Five Bugs Hiding as One: How We Unravelled a "Dashboard Won't Load" Incident
2025-02-16T00:00:00.000Z
I came back from vacation to a broken dashboard and a familiar message: “Refreshing data…” forever. No one flagged it earlier. The feature had shipped while I was out—no review, no supervision, just a string of Cursor-driven commits.
What looked like a single issue turned out to be five independent bugs colliding at the worst possible layer: coordination between services.
This is the story of how it unraveled—and what it exposes about “vibe coding” in production systems.
The Setup
The system is straightforward on paper:
FastAPI backend on GKE (3 replicas) React frontend using polling (202 → poll → result) Redis for coordination Intercom export API (slow, async, rate-limited)
Because exports take minutes and Cloudflare times out at 100s, everything runs on an accept-then-poll model:
POST /api/overview → 202 { job_id } GET /api/jobs/{job_id} → pending → complete
That model only works if one assumption holds:
A job marked “pending” must actually be running somewhere.
That assumption was broken in five different ways.
The Symptom Every page stuck on “Refreshing data…” Jobs accepted (202), but never completed Polling responses flipping between: pending job not found
That flip should be impossible in a healthy system.
It means different pods are telling different stories.
The Investigation
I ignored the UI and hit the API directly. Tracked a single job_id over time.
The key signal:
Same job ID Different answers Within seconds
That only happens when:
state is not shared correctly or pods are dying mid-work
Both were true.
The Five Bugs
- New pods were never starting (Binary Authorization)
Images were deployed using :latest.
Cluster required immutable digests.
Result:
New pods rejected Old pods dying (OOM) No replacements
System slowly lost capacity while still “looking alive”.
- Job state lived in memory (per pod)
Errors were stored in a local dict.
If a job failed on Pod A:
Pod B had no idea Returned 404
Frontend retried → new job → same failure loop
Classic distributed system mistake: state wasn’t shared.
- Startup logic was DDoS-ing our own dependency
Every pod boot triggered a heavy Intercom export.
3 pods + cron + user traffic = rate limit exceeded.
Result:
All real jobs failed System stuck in retry loops
The code was correct once. It just never evolved.
- Redis failover never recovered
One transient Redis outage → pod switched to file cache.
It never switched back.
Now:
Some pods used Redis One didn’t
Coordination layer split in half.
- Pods were killed mid-job
Kubernetes shutdown killed in-flight async tasks.
No cleanup. No state reconciliation.
Result:
Jobs marked “pending” But no process actually running them
Zombie jobs everywhere.
What Actually Broke
Not FastAPI. Not React.

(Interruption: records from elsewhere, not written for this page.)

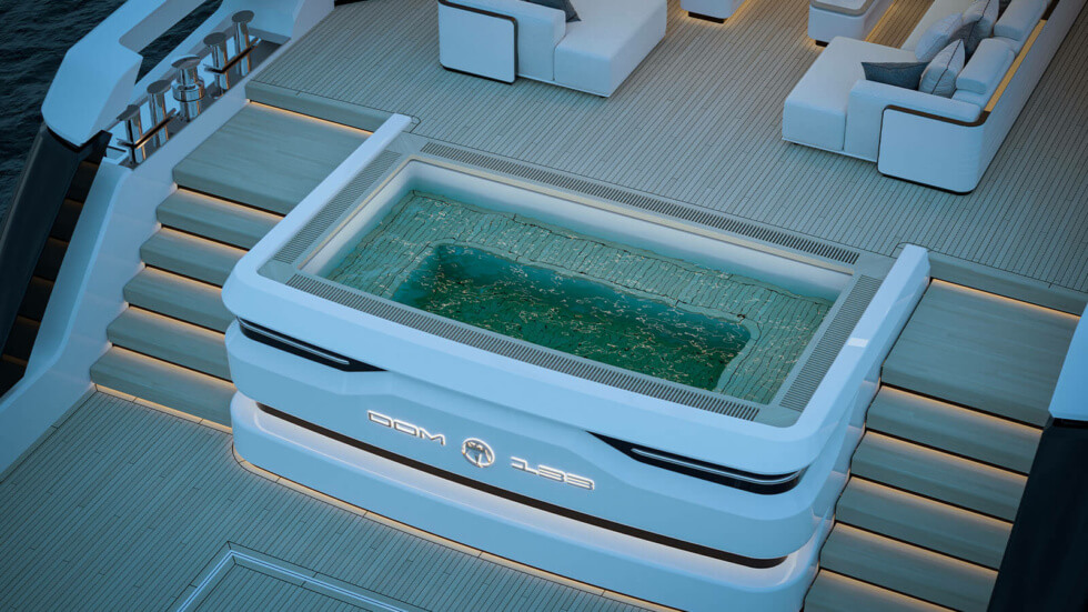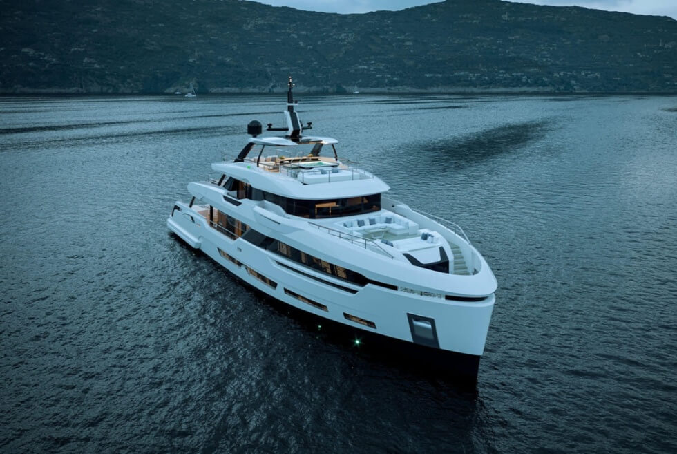 The La Spezia, Italy-based group presents a 133-foot-long monohull with a 28.5-foot-wide beam. Its construction features aluminum for both the hull and superstructure. The DOM 133 not only looks sleek and sporty. The aerodynamic/hydrodynamic silhouette also enhances its performance and range by reducing drag.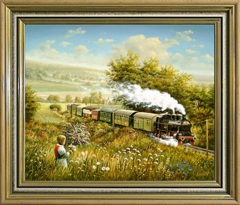 Gemälde zu der Ausstellung mit den Themen: Mattenberg, Blumenmädchen, Eisenbahn, Bahnhof, Eisenbahnaera, Eisenbahnära, Eisenbahnzeit, Lok, 206, Hessencourrier, Museumsbahn, Museums-Eisenbahn, Lokomotive, Dampflok, Zug, Züge, Eisenbahnbild, Eisenbahnbilder, Eisenbahnölbild, Eisenbahnölbilder, Eisenbahngemälde, Bild, Bilder, Gemälde, Ölgemälde, Eisenbahner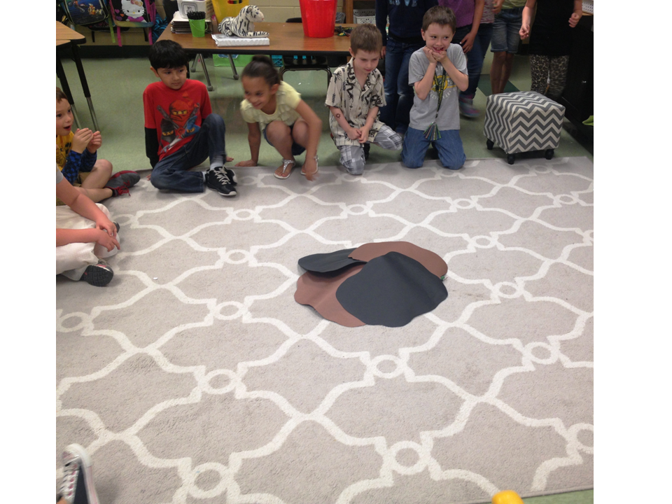 These pictures are from April of 2013. We had wrapped up our math and literacy picnic and it was time to embark on a snake safari. I told my students that while they were at lunch I discovered some rocks on our carpet area that I was a little curious about. I was pretty sure something was sleeping under them but I was too scared to check. I asked them to quietly come in and gather around the rug. They were so intrigued! They shushed each other and made predictions. Frogs was the most predicted because a green head was sticking out of one of the rocks!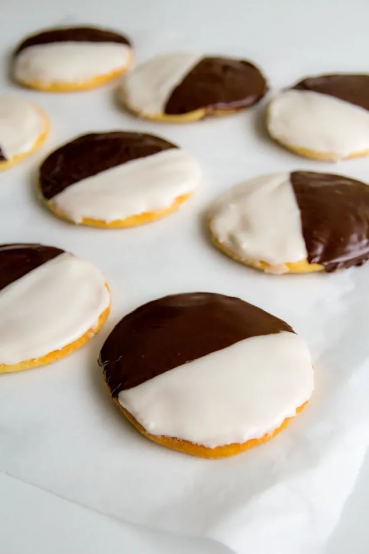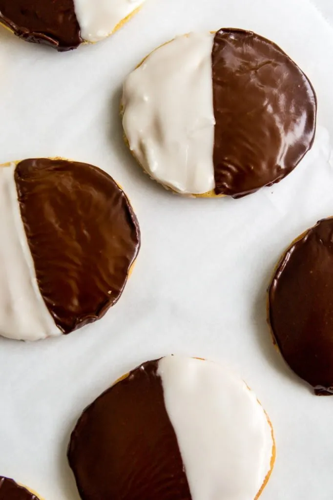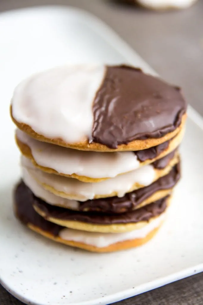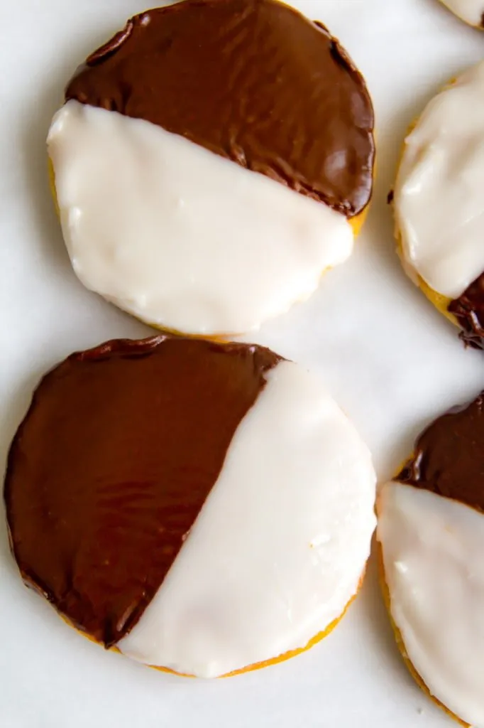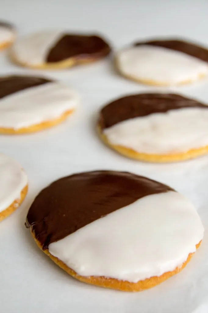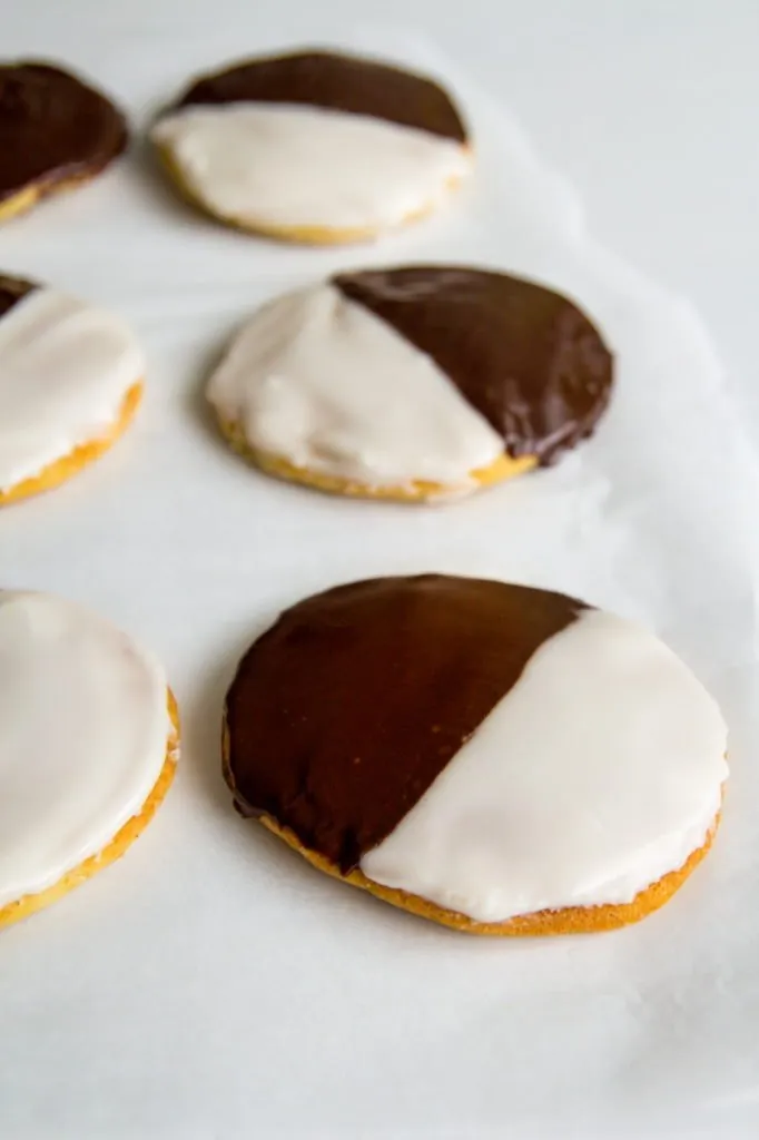 You can make traditional one side black and one side white cookies but can also color the white icing if you’d like. I sometimes mix it up for various holidays and made shades of pink and red for Valentine’s Day, orange and black for Halloween or even green tinted icing for St. Patrick’s day!

Not Kubernetes.
The contract between them.
The system depended on a simple invariant:
If Redis says a job is pending, exactly one pod must be working on it.
That invariant failed repeatedly.
Everything else was just noise.
Why This Happened
Because most of the code wasn’t designed—it was generated.
Cursor suggested. Engineer accepted. No one asked:
What happens across replicas? Where does state live? What happens on restart? What happens under rate limits?
That’s vibe coding:
Local correctness, global blindness.
It works until coordination matters. Then it fails spectacularly.
What Fixed It Enforced digest-based deployments (pods actually start) Moved job/error state to Redis (shared truth) Removed harmful startup jobs Added Redis recovery path Drained tasks on shutdown Added real observability (job lifecycle logs)
Not fancy. Just correct.
What You Get From This
If you’re building anything distributed, this pattern will hit you.
This incident gives you shortcuts:
If a status flips between states → think multi-node inconsistency If jobs never complete → check lifecycle, not logic If retries make things worse → suspect rate limits If one pod behaves differently → suspect hidden local state
Most importantly:
Debug invariants, not symptoms.
Lessons (for people who don’t want this happening to them) “It works” is meaningless without considering replicas Single-node thinking doesn’t scale. All coordination state must be shared Memory is not a cache. It’s a liability. Startup code is production code If it runs on every pod, it must be safe at scale. Failover must include recovery Otherwise you create permanent degradation. Async jobs need lifecycle ownership Start, track, recover, terminate—explicitly. Rate limits are part of your architecture Not an edge case. Generated code is not designed code Tools don’t think in systems. You have to. The Real Takeaway
This wasn’t one bug. It was what happens when a system has no single source of truth.
And that’s the uncomfortable part:
None of these issues are hard individually. They only exist when no one is thinking end-to-end.
That’s the gap between writing code and building systems.